This year is on track to be among the hottest ever and that would make 2015-2019 the world’s hottest five-year period on record, the World Meteorological Organisation (WMO) said on Friday.
It is too soon to definitely attribute Europe’s current blistering heatwave to climate change but it is “absolutely consistent” with extremes linked to the impact of greenhouse gas emissions, the United Nations agency said.
“Heatwaves will become more intense, they will become more drawn out, they will become more extreme, they will start earlier and they will finish later,” WMO spokeswoman Clare Nullis told a briefing in Geneva.
“We are still only the end of June, but it seems like the earth is set to experience its five warmest years on record, so that is 2015 to 2019 inclusive,” she said. From January to May, 2019 ranked as the third warmest year, she added.
G20 negotiators in Osaka, Japan are wrangling over the wording of a summit communique on fighting climate change, with the United States seeking to dilute the language against European opposition, according to sources and drafts of the text.
France registered its highest temperature since records began on Friday as the death toll rose from a heatwave suffocating much of Europe.
The mercury hit 44.3°C in Carpentras, in the southerly Provence region, weather forecaster Meteo France said, surpassing the previous high of 44.1°C recorded in August 2003.
Temperatures in parts of Spain were expected to hit a new June record of 43°C.
Since 1975, Spain has registered nine heatwaves in June. Five of them, however, have been in the last decade, according to the Spanish meteorological office.
In Catalonia, northeast Spain, wildfires were raging across 60sq km of land, but firefighters said that area could quadruple. Farmers were asked to stop all work across the region for 48 hours.
In France, one boy was seriously hurt when he was thrown back by a jet of water from a fire hydrant.
Some 4,000 schools were either closed or running a limited service to help working parents unable to stay at home.
French families with elderly relatives who were ill or living alone were advised to call or visit them twice a day and take them to cool places, while the state-run rail operator SNCF offered free cancellations or exchanges on long-distance trips.
The greater Paris region, Ile de France, had already banned more than half of cars from its roads as the stifling heat worsened air pollution, the toughest restriction provided for — although all cars were to be allowed to leave the city as school holidays began.
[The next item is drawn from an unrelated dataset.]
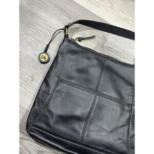 The Sak Iris Crossbody Purse Bag Black Pebbled Leather Adjustable Strap/

The cities of Lyon, Strasbourg and Marseille have also restricted traffic.
The unusually high temperatures are forecast to last until early next week.
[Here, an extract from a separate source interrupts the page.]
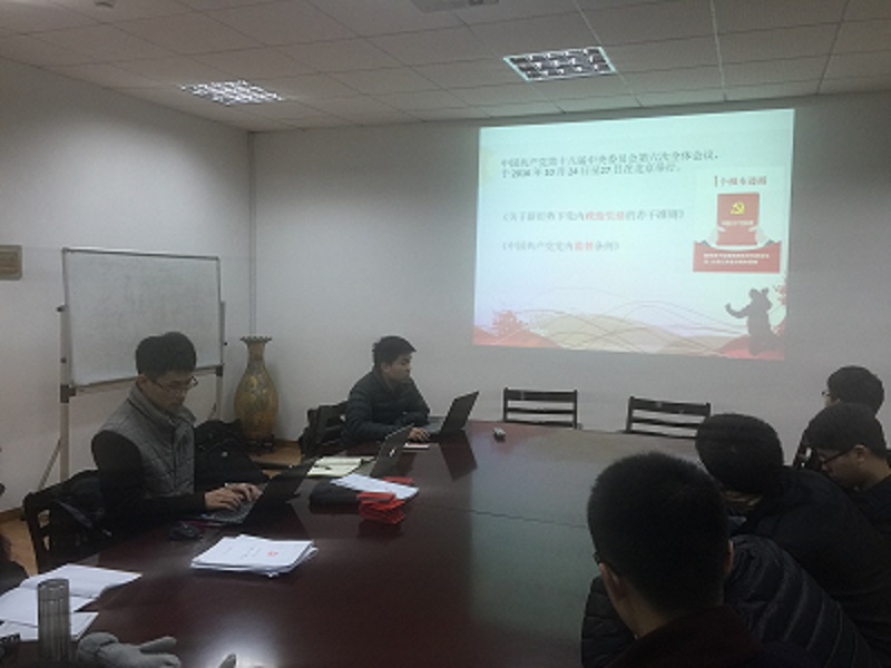 在预备党员转正环节结束之后,支部委员江海天同学为大家梳理了一下关于十八届六中全会的重要内容。从全面从严治党、严肃党内政治生活、完善党内监督和迎接十九大这几个方面进行介绍,联系了“四个全面”“三严三实”“四讲四有”等相关知识让在场同学对于十八届六中全会有了更为深入全面的认识。

The record-breaking heatwave in western Europe may trim grain harvest production but the searing heat is not expected to last long enough to cause the kind of severe crop losses seen during a drought last year.
Reaction on grain markets has been tempered by expectations that the heatwave will be shortlived, good field conditions following recent rainfall, and the fact many winter crops have already neared the end of their growth.
“We expect yields to be decreased due to the current heat wave. However, impact at this stage of development will likely be moderate at worst,” said Jose Clavijo, crop analyst with Refinitiv Agriculture Research.
Some forecasters have been reducing estimates for European Union production of soft wheat, the bloc’s main field crop, but projections generally remain above 140 million tonnes and well up from last year’s drought-diminished harvest of 129 million tonnes.
In France, the EU’s biggest grain producer, most analysts and traders were expecting limited yield losses.
“We could lose 0.3-0.5 tonnes per hectare for wheat that was in early grain-fillng stages. At the same time it could give a boost to protein levels,” a French grain broker said.
Protein is a measure of wheat quality and important in export markets.
The hot spell could allow French wheat harvesting to get going in the coming days, traders said.
It has helped accelerate France’s winter barley harvest and early results were confirming the crop had not seen negative heat effects because it was already mature, traders added.